Taxi Driver has just as much a plot as Mean Streets before it. The plot of Taxi Driver is essentially that a man has a psychotic obsession over two women and plots to impress them.
 

TennesseBuck

New member
ResidentAlien said:
You're confusing yourself. Character arc and plot are not mutually exclusive.


Taxi Driver has just as much a plot as Mean Streets before it. The plot of Taxi Driver is essentially that a man has a psychotic obsession over two women and plots to impress them.

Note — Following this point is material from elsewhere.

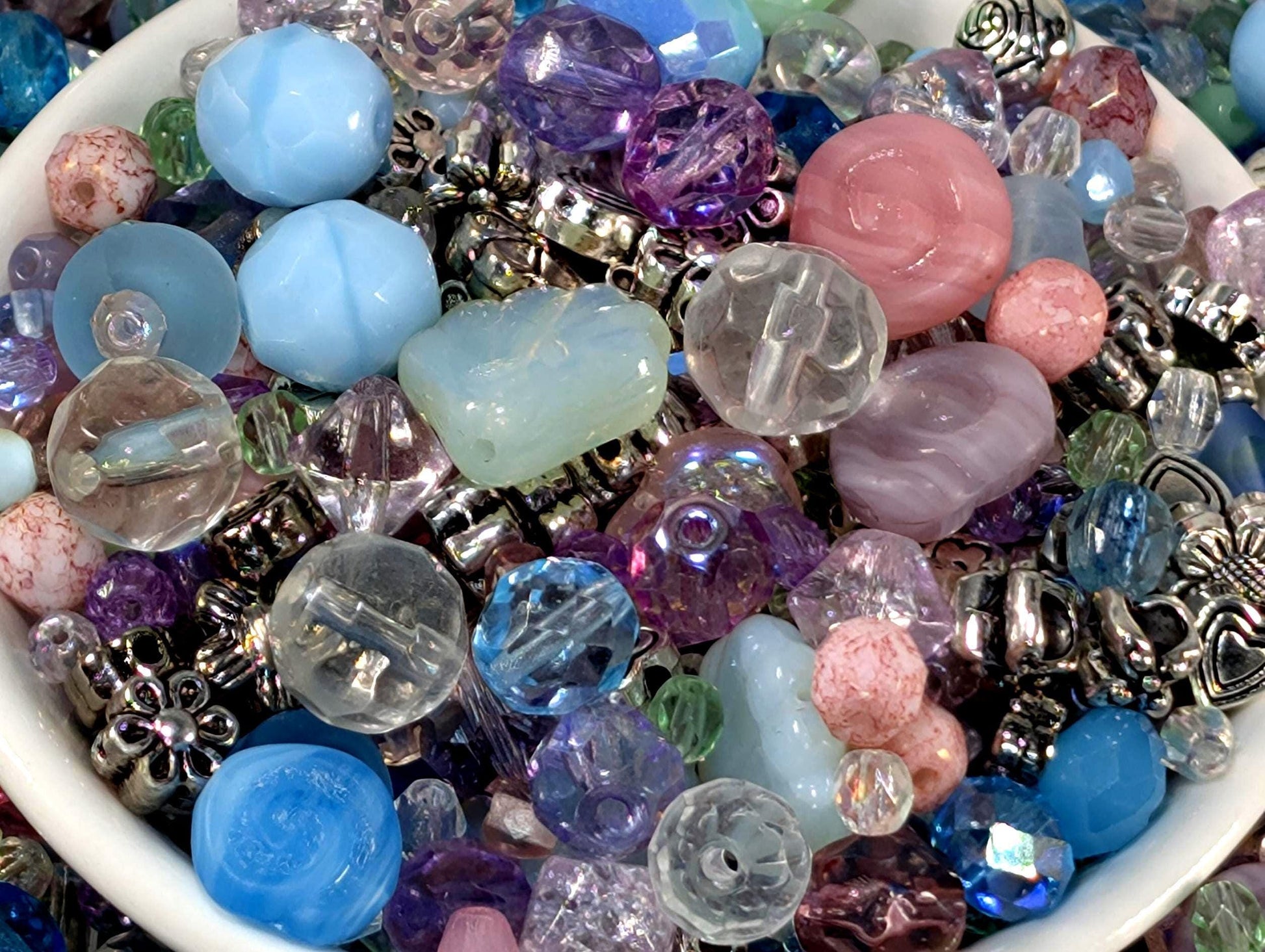 Glass Bead Soup Mix | Artisan Beading Kit with Electroplated Beads Pack & Spring Color Beads

As I said, Taxi Driver seems to flow from Travis's consciousness and not from a plot per se that dictates his actions. There are films where the main purpose is to get inside the head of the lead protagonist, seeing the world through their eyes, much like most of Scorsese's films. But I don't think it can relegated only to the man's obsession with those two women - he is God's lonely man with no exit strategy from his own psychosis. He tries to impress Cybill's character and fails. He is more aligned with a child prostitute, Iris, and wants to help her...not necessarily impress her (this is what Reagan's assassin got all wrong).
 
TennesseBuck said:
As I said, Taxi Driver seems to flow from Travis's consciousness and not from a plot per se that dictates his actions. There are films where the main purpose is to get inside the head of the lead protagonist, seeing the world through their eyes, much like most of Scorsese's films. But I don't think it can relegated only to the man's obsession with those two women - he is God's lonely man with no exit strategy from his own psychosis. He tries to impress Cybill's character and fails. He is more aligned with a child prostitute, Iris, and wants to help her...not necessarily impress her (this is what Reagan's assassin got all wrong).


plot |plät|
noun
1 a plan made in secret by a group of people to do something illegal or harmful : [with infinitive ] there's a plot to overthrow the government.
2 the main events of a play, novel, movie, or similar work, devised and presented by the writer as an interrelated sequence.



Taxi Driver is the very definition of plot. A narrative is a narrative, whether it revolves around an internal or external conflict. Taxi Driver has a plot. Nights of Cabiria has a plot.
 

Dr. Gonzo

New member
Hell even The Holy Mountain has a plot, and many people thought that film was just a bunch of L.S.D. nonsense. Though Taxi Driver is a heavy character driven film it definately has a plot. Harvey Keitel's "pimp" characters death punctuates it.